Encoding Unicode/UTF-8 Text as Base64

Handle Unicode and UTF-8 characters correctly when Base64 encoding. Learn the UTF-8-first approach, browser quirks with btoa(), and cross-platform solutions.

Encoding

Detailed Explanation

Base64 operates on bytes, not characters. When your text contains characters outside the ASCII range (accented letters, CJK characters, emoji, mathematical symbols), you must first convert the text to a byte sequence using a character encoding -- almost always UTF-8 -- before Base64 encoding.

The problem with btoa():

The browser's btoa() function accepts a string but treats each character as a single byte (Latin-1 encoding). Characters with code points above 255 cause an InvalidCharacterError:

btoa("Hello");     // Works: "SGVsbG8="
btoa("café");    // Error! ́ is above Latin-1
btoa("😀");      // Error! Emoji code point is way above 255

The solution: encode to UTF-8 first

Modern approach using TextEncoder:

function encodeUnicode(str) {
  const utf8Bytes = new TextEncoder().encode(str);
  const binaryString = Array.from(utf8Bytes, b => String.fromCharCode(b)).join("");
  return btoa(binaryString);
}

function decodeUnicode(base64) {
  const binaryString = atob(base64);
  const bytes = Uint8Array.from(binaryString, c => c.charCodeAt(0));
  return new TextDecoder().decode(bytes);
}

encodeUnicode("Hello 😀"); // "SGVsbG8g8J+YgA=="
decodeUnicode("SGVsbG8g8J+YgA=="); // "Hello 😀"

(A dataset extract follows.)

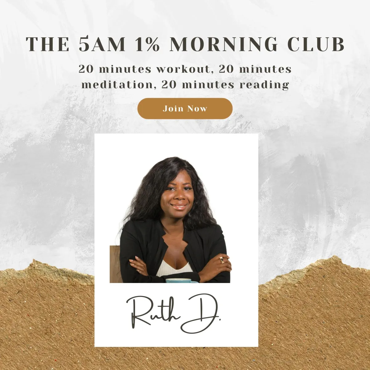 The 5am 1% Morning Club (20 minutes workout, 20 minutes meditation, 20 minutes reading)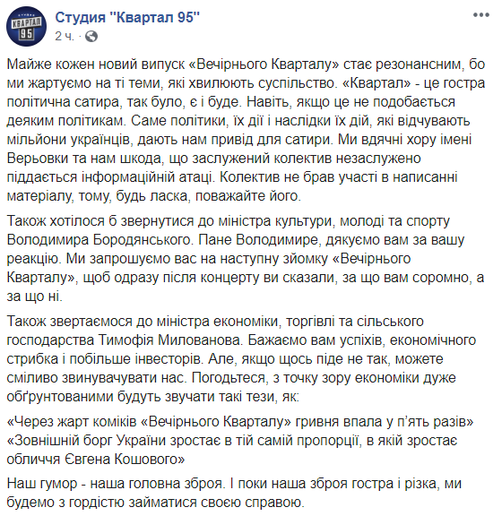 "В концерте "95 Квартала" мы впервые. Мы на Майдане с ними работали, на стадионе, где звучали проукраинские вещи. Мы столько позитива вносим во все проукраинское. Не только в государственных мероприятиях участвуем ... И, наконец, в этой песне ничего антиукраинского не было. Но это неприятный стеб над человеком. Я здесь согласен. Со всеми в этом согласен. Мы просто повелись. Я не подумал. Что здесь оправдываться? .. Это решение принимал я, а не коллектив", - отметил гендиректор.

Legacy approach (still widely used):

function utoa(str) {
  return btoa(unescape(encodeURIComponent(str)));
}
function atou(b64) {
  return decodeURIComponent(escape(atob(b64)));
}

This works because encodeURIComponent() converts the string to UTF-8 percent-encoded bytes, and unescape() converts those percent sequences back to single-byte characters that btoa() can handle.

In Python, it just works:

import base64
text = "Hello 😀"
encoded = base64.b64encode(text.encode("utf-8")).decode("ascii")
decoded = base64.b64decode(encoded).decode("utf-8")

Python naturally separates the string-to-bytes step (.encode("utf-8")) from the Base64 step (b64encode()), making the process explicit and less error-prone.

Cross-platform interoperability: The critical rule is that both the encoder and decoder must agree on the character encoding used before Base64. If you encode with UTF-8 on the client but decode assuming Latin-1 on the server, multi-byte characters will be corrupted. UTF-8 is the universal default; always use it unless you have a specific reason not to.

Common mistake: Assuming Base64 handles Unicode natively. Base64 knows nothing about character encodings. It processes raw bytes. The character encoding step must happen before encoding and after decoding.

Use Case

Encoding user-submitted form data containing international characters (Chinese, Arabic, emoji) as Base64 for inclusion in a URL query parameter.